ProbPS: A new model for peak selection based on quantifying the dependence of the existence of derivative peaks on primary ion intensity
© Zhang et al; licensee BioMed Central Ltd. 2011
Received: 18 April 2011
Accepted: 17 August 2011
Published: 17 August 2011
The analysis of mass spectra suggests that the existence of derivative peaks is strongly dependent on the intensity of the primary peaks. Peak selection from tandem mass spectrum is used to filter out noise and contaminant peaks. It is widely accepted that a valid primary peak tends to have high intensity and is accompanied by derivative peaks, including isotopic peaks, neutral loss peaks, and complementary peaks. Existing models for peak selection ignore the dependence between the existence of the derivative peaks and the intensity of the primary peaks. Simple models for peak selection assume that these two attributes are independent; however, this assumption is contrary to real data and prone to error.
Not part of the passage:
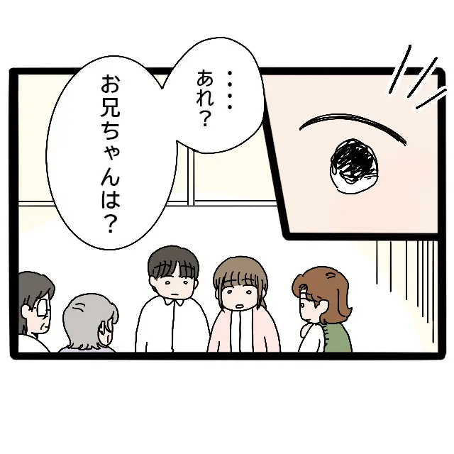 おばさんを見送ったのち、私はあることに気が付きました。「あれ?お兄ちゃんは?」兄がいなくなっていることに誰も気づいていませんでした。

In this paper, we present a statistical model to quantitatively measure the dependence of the derivative peak's existence on the primary peak's intensity. Here, we propose a statistical model, named ProbPS, to capture the dependence in a quantitative manner and describe a statistical model for peak selection. Our results show that the quantitative understanding can successfully guide the peak selection process. By comparing ProbPS with AuDeNS we demonstrate the advantages of our method in both filtering out noise peaks and in improving de novo identification. In addition, we present a tag identification approach based on our peak selection method. Our results, using a test data set, suggest that our tag identification method (876 correct tags in 1000 spectra) outperforms PepNovoTag (790 correct tags in 1000 spectra).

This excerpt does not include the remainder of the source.